At the same time, housing costs soared nationwide. The national median home price neared $500,000 and mortgage interest rates climbed above 6 percent. It made homeownership unattainable for millions of Americans, especially in high-cost cities.
Entrepreneur Jasmine Ball moved to Tulsa after receiving $10,000 from a relocation program
Several cities and regions have offered cash to remote workers to stem shrinking populations
Housing inflation contributed to significant shifts in the real estate market, transforming affordable mid-sized communities across America into hot residential markets.
Jasmine's road to Tulsa
Ball took advantage of the Tulsa Remote program in 2020, which allowed her to cut her monthly expenses as well as pocketing $10,000.

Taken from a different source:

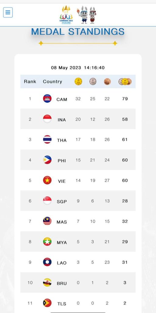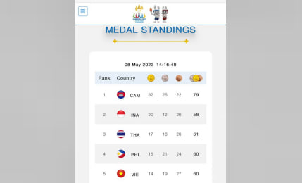 គិតត្រឹមម៉ោង ២៖១៥នាទីរសៀលថ្ងៃទី៨ ឧសភា កម្ពុជាបន្ដឈរលេខរៀងទី១ ទទួលមេដាយច្រើនជាងគេ សរុប ៧៩គ្រឿង ក្នុងនោះមាសចំនួន ៣២ ប្រាក់ចំនួន ២៥ និងសំរិទ្ធចំនួន ២២One-Minuteអត្ថបទដោយ៖AMS OneMinute #ams1minute AMS OneMinuteអត្ថបទមុនអត្ថបទបន្ទាប់

She is not alone. A survey of more than 1,200 people who joined relocation programs before 2024 found they saved an average of $25,000 on annual housing costs compared to those who decided not to move after being offered cash incentives.
'What I paid just to rent a room [in LA] was actually higher than my costs for a three-bedroom, two-bathroom home here,' she said.

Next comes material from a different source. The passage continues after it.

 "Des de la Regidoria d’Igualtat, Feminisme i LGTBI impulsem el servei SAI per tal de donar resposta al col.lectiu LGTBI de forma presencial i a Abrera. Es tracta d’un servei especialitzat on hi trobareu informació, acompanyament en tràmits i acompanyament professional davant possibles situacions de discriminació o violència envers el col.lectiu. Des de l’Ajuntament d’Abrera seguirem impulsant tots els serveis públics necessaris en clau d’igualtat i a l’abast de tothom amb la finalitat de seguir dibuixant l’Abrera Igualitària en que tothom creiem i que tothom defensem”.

'Now, I have a yard, a garage, and the benefits of homeownership, plus a strong sense of community and neighborhood connection that I really value.'
In Ball's case, she now pays a similar amount for her Tulsa home, but her living standards are vastly improved.
Her LA bedroom cost $1,100 per month in an apartment shared with three other people, bringing the total rent to $3,800 monthly. Now, her mortgage is just $1,185.
Tulsa officials say about 70 percent of recipients have stayed in the city after their program
But the savings extend beyond housing. Ball's energy bills that once reached $500 to $600 a month now cost just $150. She pays half the price to fill up her car's gas tank.
She spends about the same amount on groceries. However, restaurant prices in Tulsa are far cheaper than LA.
And there were other perks...
'While LA obviously has more variety, Tulsa's amenities are far more accessible,' she said, referencing the city's ample room for parking and fewer crowds competing for space.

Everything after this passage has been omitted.